Currently, there is growing interest in the modeling of high concentrator photovoltaic modules, due to the importance of achieving an accurate model, to improve the knowledge and understanding of this technology and to promote its expansion. In recent years, some techniques of artificial intelligence, such as the Artificial Neural Network, have been used with the goal of obtaining an electrical model of these modules. However, little attention has been paid to applying Fuzzy Rule-Based Systems for this purpose. This work presents two new models of high concentrator photovoltaics that use two types of Fuzzy Systems: the Takagi-Sugeno-Kang, characterized by the achievement of high accuracy in the model, and the Mamdani, characterized by high accuracy and the ease of interpreting the linguistic rules that control the behavior of the fuzzy system.
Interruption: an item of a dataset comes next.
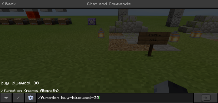 Currently, this is in the testing phase, because of how advanced it is, you can only buy a few colors of wool but I’m in the middle of making more! The reason it takes a while is that for every amount of item I need it takes 1 function which means if I was making obsidian to be purchasable then I would have to type 1 – 65 functions per block that could stack up to 64. But this is not done yet except a ton more!
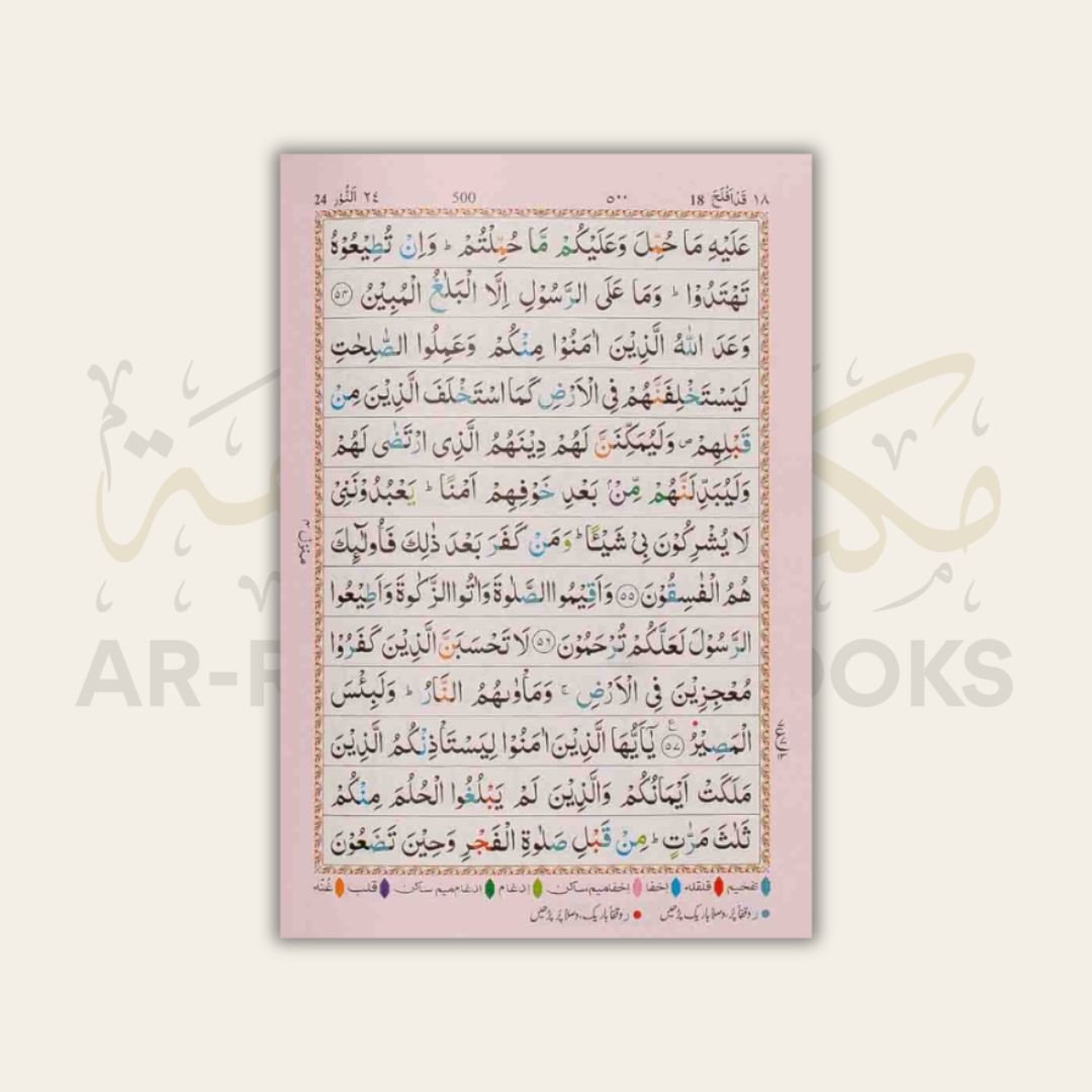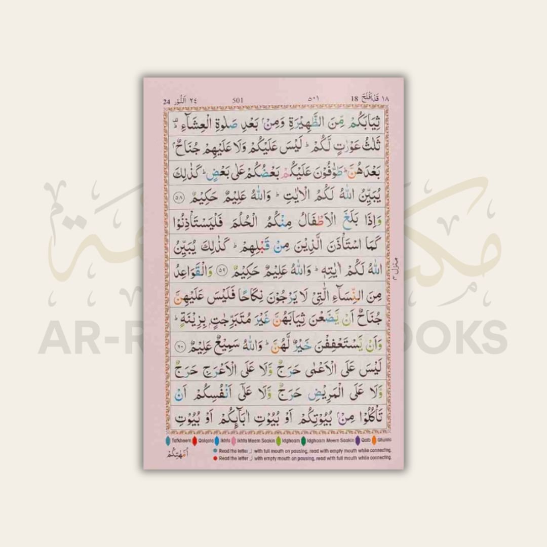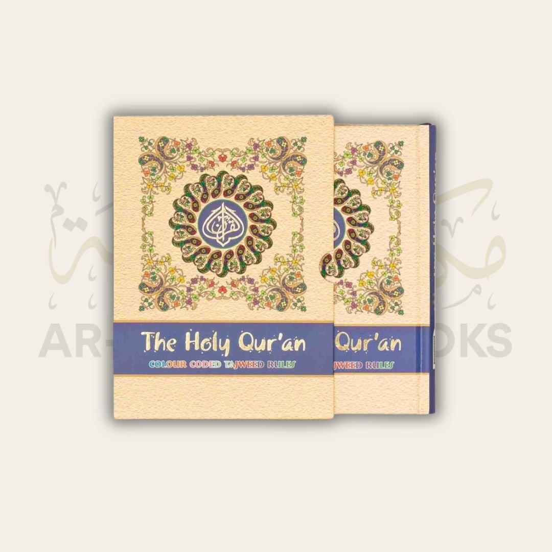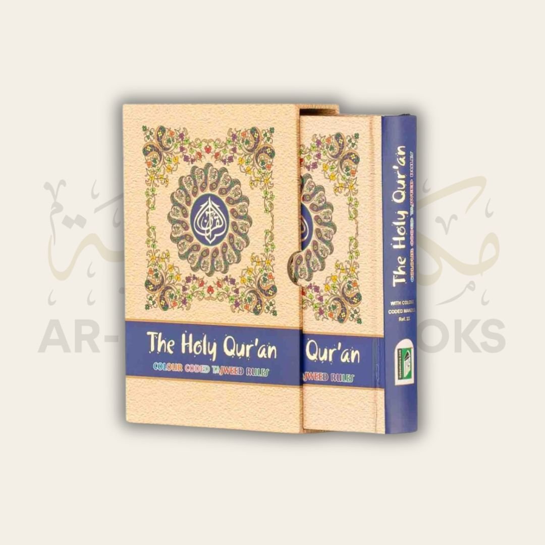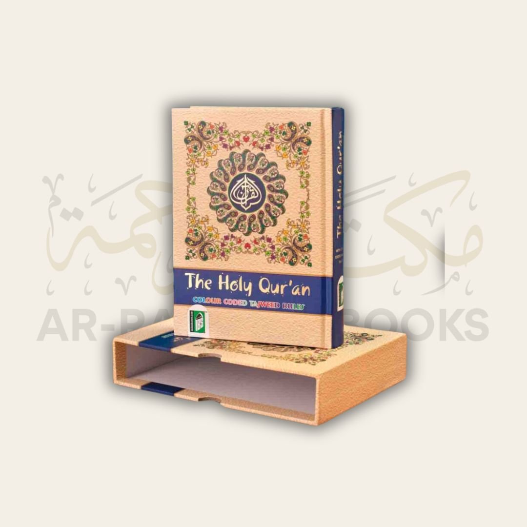 Medium sized 13-Line Mushaf with glossy paper, strong binding, and color-coded tajweed rules. It comes with a bonus slip case cover. Special Discount for Masjids and Schools!

To obtain a good knowledge base, two learning methods have been proposed: the “Adaptive neuro-fuzzy inference system” and the “Ad Hoc data-driven generation”. These combinations of fuzzy systems and learning methods have allowed us to obtain two models of high concentrator photovoltaic modules, which include two improvements over previous models: an increase in the model accuracy and the possibility of deducing the relationship between the main meteorological parameters and the maximum power output of a module.

Suggested Citation

  • Manuel Angel Gadeo-Martos & Antonio Jesús Yuste-Delgado & Florencia Almonacid Cruz & Jose-Angel Fernandez-Prieto & Joaquin Canada-Bago, 2019. "Modeling a High Concentrator Photovoltaic Module Using Fuzzy Rule-Based Systems," Energies, MDPI, vol. 12(3), pages 1-22, February.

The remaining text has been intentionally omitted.